In the copy you make of the entries, no picture should appear, and every word must match.

######

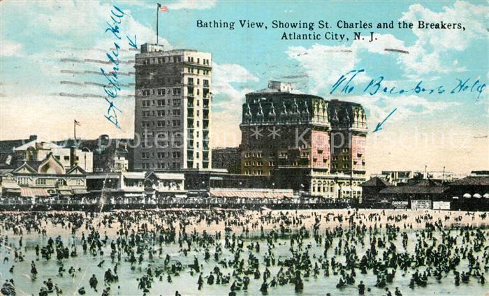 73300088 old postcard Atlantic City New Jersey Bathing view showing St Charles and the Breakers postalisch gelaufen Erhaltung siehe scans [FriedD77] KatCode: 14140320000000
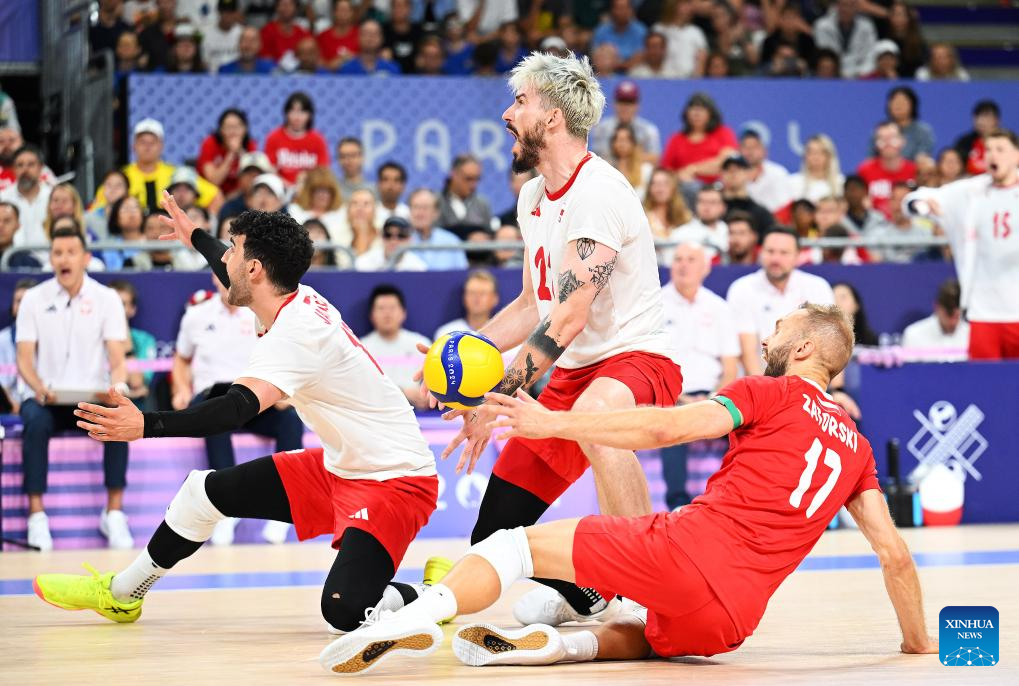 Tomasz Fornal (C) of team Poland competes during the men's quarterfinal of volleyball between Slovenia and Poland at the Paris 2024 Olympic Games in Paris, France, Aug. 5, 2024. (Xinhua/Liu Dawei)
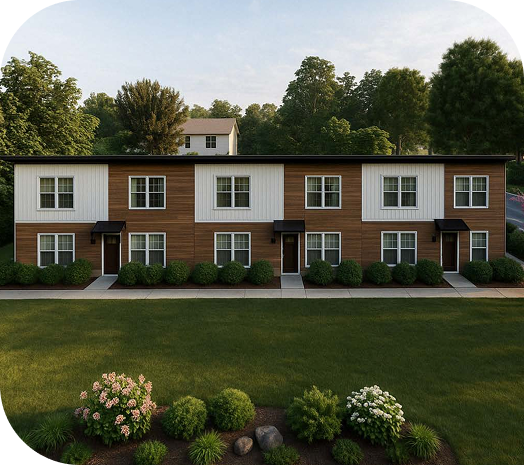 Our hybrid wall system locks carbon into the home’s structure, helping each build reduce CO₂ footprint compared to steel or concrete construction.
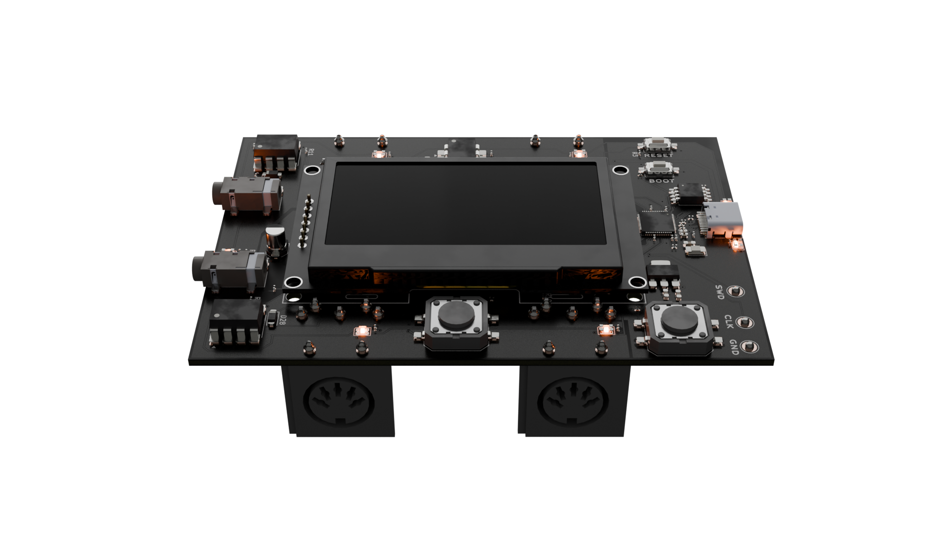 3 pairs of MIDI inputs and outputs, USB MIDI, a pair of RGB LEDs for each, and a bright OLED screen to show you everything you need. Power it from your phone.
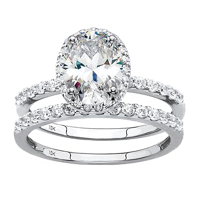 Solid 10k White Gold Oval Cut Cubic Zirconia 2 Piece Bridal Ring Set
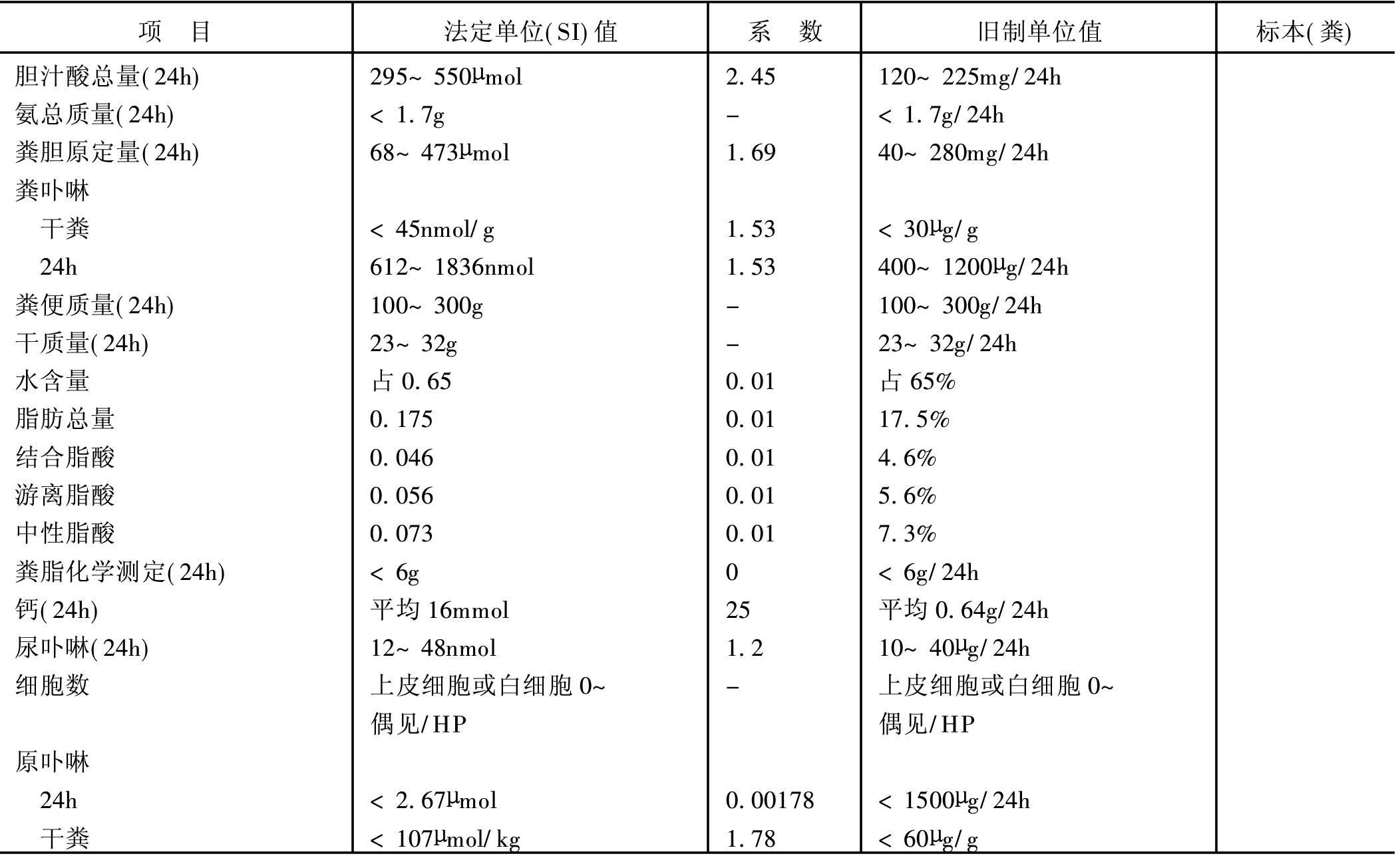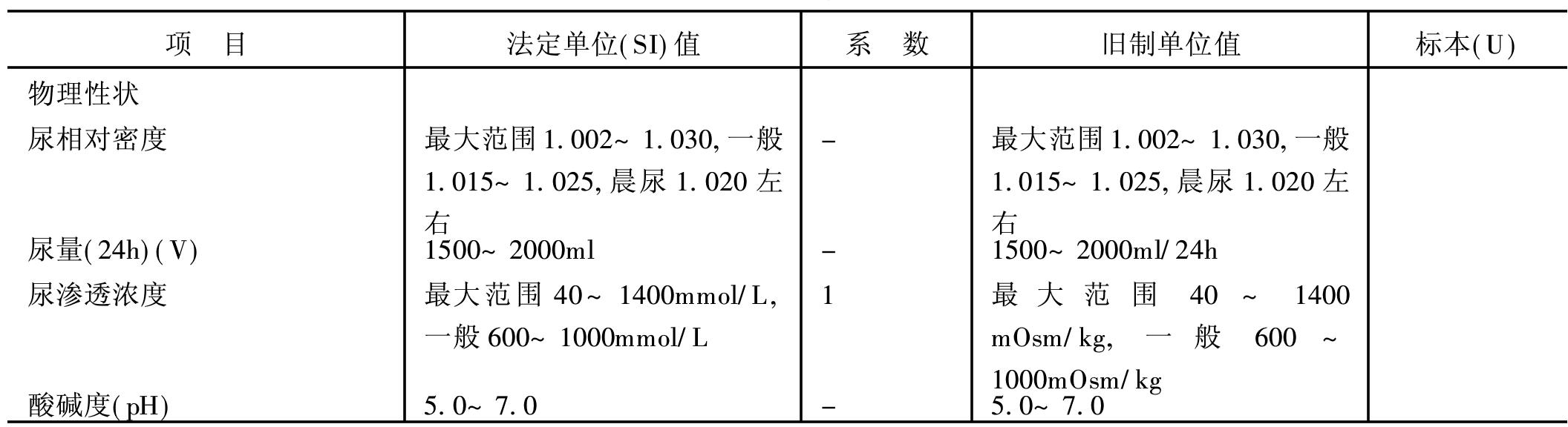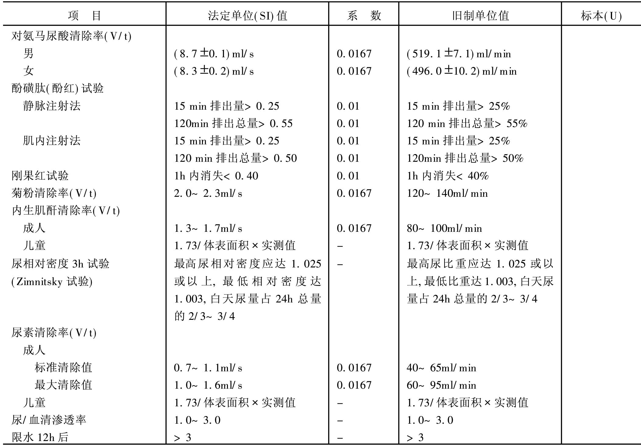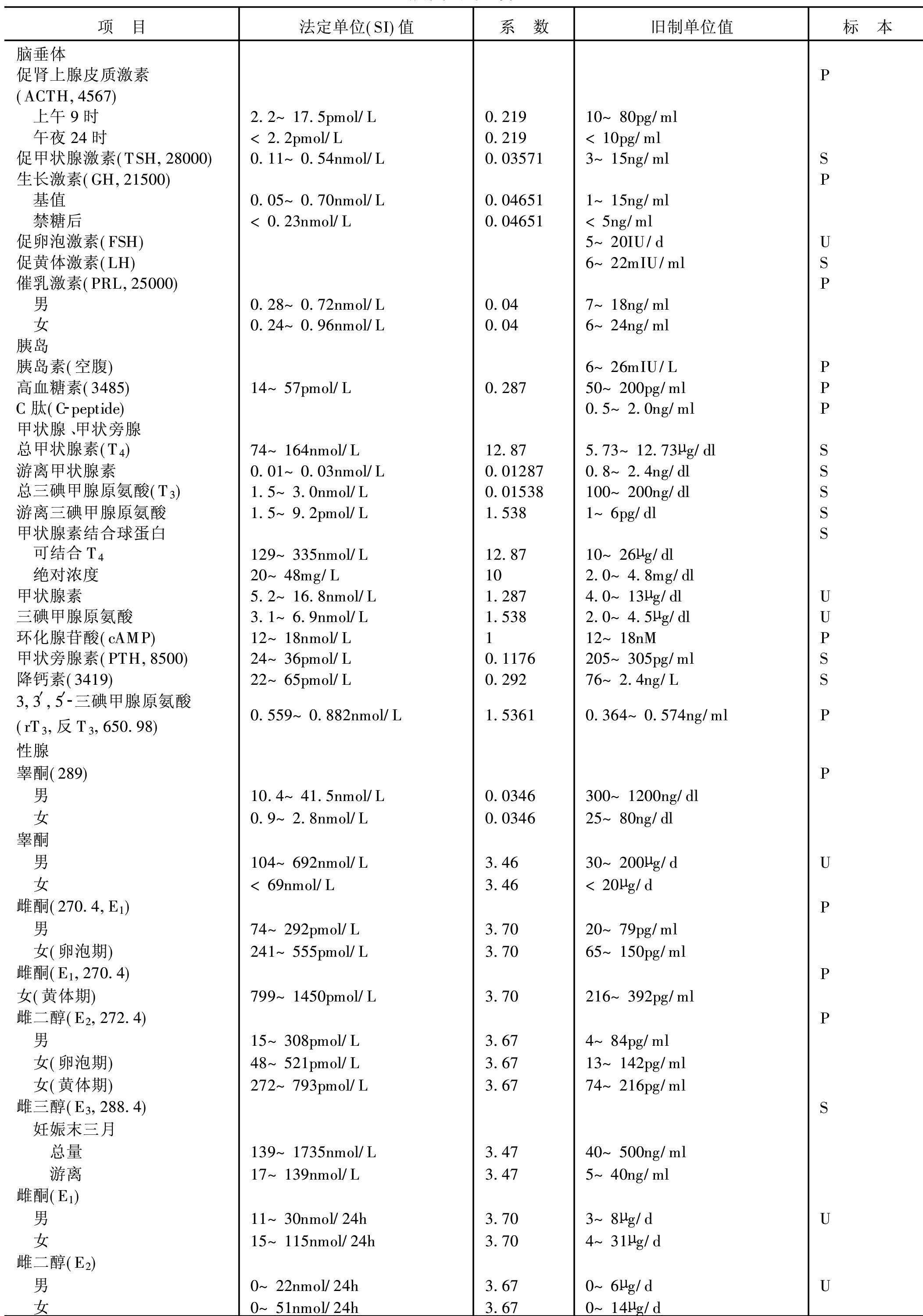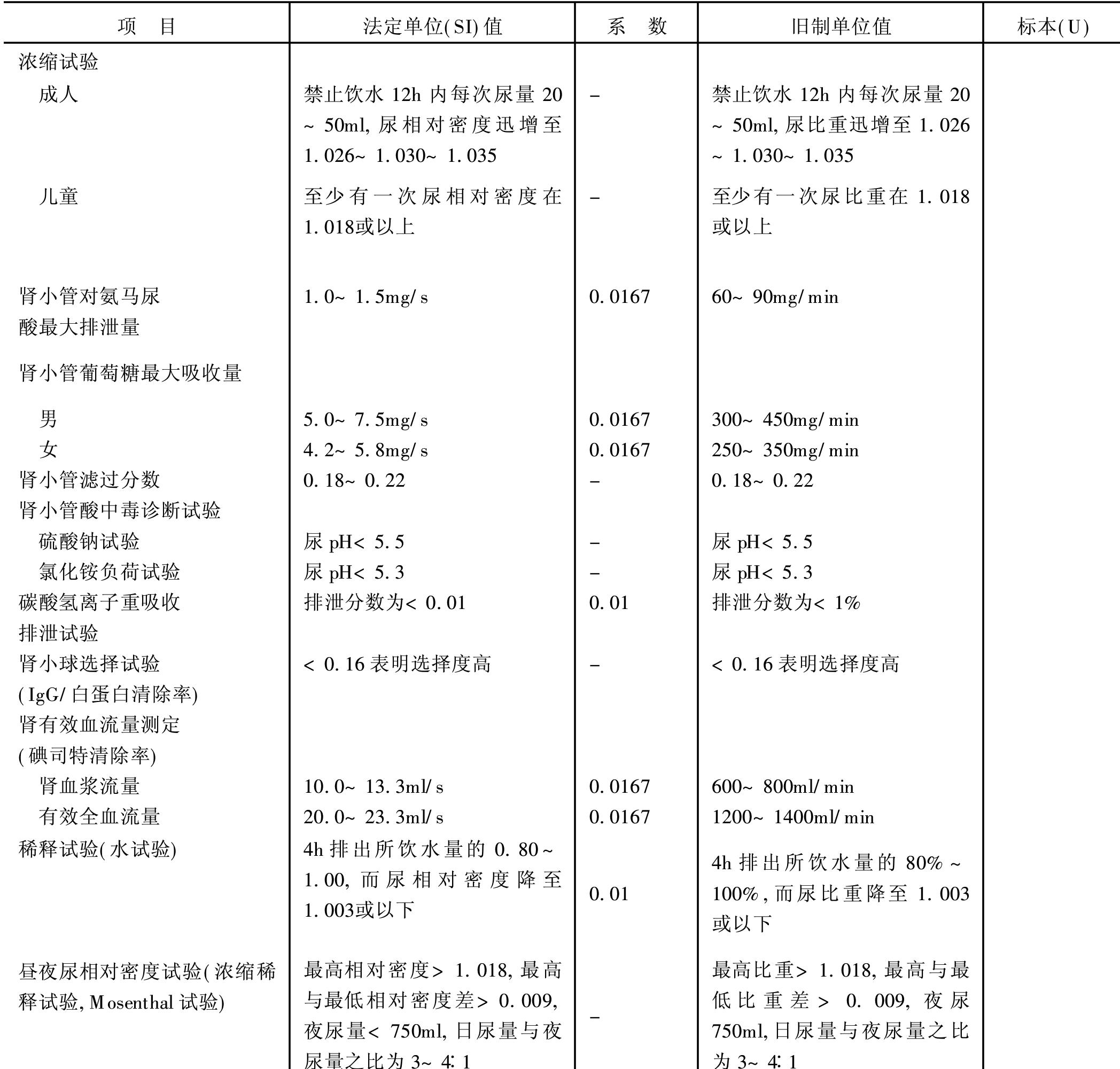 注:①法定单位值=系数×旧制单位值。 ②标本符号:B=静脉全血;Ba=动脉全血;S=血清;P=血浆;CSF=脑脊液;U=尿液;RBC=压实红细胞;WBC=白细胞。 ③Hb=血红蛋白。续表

######

» Output of the task:
 73300088 old postcard Atlantic City New Jersey Bathing view showing St Charles and the Breakers postalisch gelaufen Erhaltung siehe scans [FriedD77] KatCode: 14140320000000
 Tomasz Fornal (C) of team Poland competes during the men's quarterfinal of volleyball between Slovenia and Poland at the Paris 2024 Olympic Games in Paris, France, Aug. 5, 2024. (Xinhua/Liu Dawei)
 Our hybrid wall system locks carbon into the home’s structure, helping each build reduce CO₂ footprint compared to steel or concrete construction.
 3 pairs of MIDI inputs and outputs, USB MIDI, a pair of RGB LEDs for each, and a bright OLED screen to show you everything you need. Power it from your phone.
 Solid 10k White Gold Oval Cut Cubic Zirconia 2 Piece Bridal Ring Set
 注:①法定单位值=系数×旧制单位值。 ②标本符号:B=静脉全血;Ba=动脉全血;S=血清;P=血浆;CSF=脑脊液;U=尿液;RBC=压实红细胞;WBC=白细胞。 ③Hb=血红蛋白。续表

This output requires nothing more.